Pelas contas de Miro atualmente mais de 70 países têm uma legislação de imprensa que é o oposto da Lei 5.250/67:
— A legislação no mundo todo obriga o Estado a fornecer informações. O direito à informação não é exclusivo do jornalista ou do veículo, é do cidadão. 

Tapete vermelho

O Vice-presidente da ABI, Audálio Dantas, parabenizou  Miro Teixeira, dizendo que sua vitória é dos jornalistas e de toda a sociedade brasileira. Aproveitou também para perguntar sobre a necessidade de uma outra Lei de Imprensa, “com certas especificidades não contempladas em profundidade no Código Penal, como o direito de resposta e a responsabilidade dos meios de comunicação”.  Para o Deputado, não há necessidade de nova legislação:
— Essa matéria, o direito de resposta, está toda definida no Código Civil. A Constituição determina, assegura, e o Código Civil dá o caminho. Pois quando se fala no direito de resposta já se está falando praticamente da decisão judicial. Está tudo lá, assegurado no art. 5º da Constituição.
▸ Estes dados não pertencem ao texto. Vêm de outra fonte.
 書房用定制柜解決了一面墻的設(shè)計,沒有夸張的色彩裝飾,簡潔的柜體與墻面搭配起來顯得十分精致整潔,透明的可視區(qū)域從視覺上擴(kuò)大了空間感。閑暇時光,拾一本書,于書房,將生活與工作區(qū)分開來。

No fim da reunião, ao se referir à iniciativa que o próprio Miro considera uma causa, Maurício Azêdo disse:
— A ABI recebeu com especial satisfação o empenho do Deputado Miro Teixeira e a decisão judicial do Supremo Tribunal Federal, e tem repisado isso nas manifestações que tem sido chamada a fazer nos mais variados pontos do País. Além dessa alegria, a Associação pode manifestar, como instituição e no conjunto da sociedade, o seu orgulho de essa questão ter sido suscitada por um jornalista, membro da nossa comunidade profissional, um eminente integrante desta Casa, que nos honra como integrante do Conselho Consultivo.

Afirmando que a entidade se considera parte desta postulação vitoriosa, o Presidente da ABI complementou:
— A ABI festeja os resultados obtidos e estende o seu tapete vermelho em homenagem a esse competente parlamentar, advogado e jornalista que é o Deputado Miro Teixeira.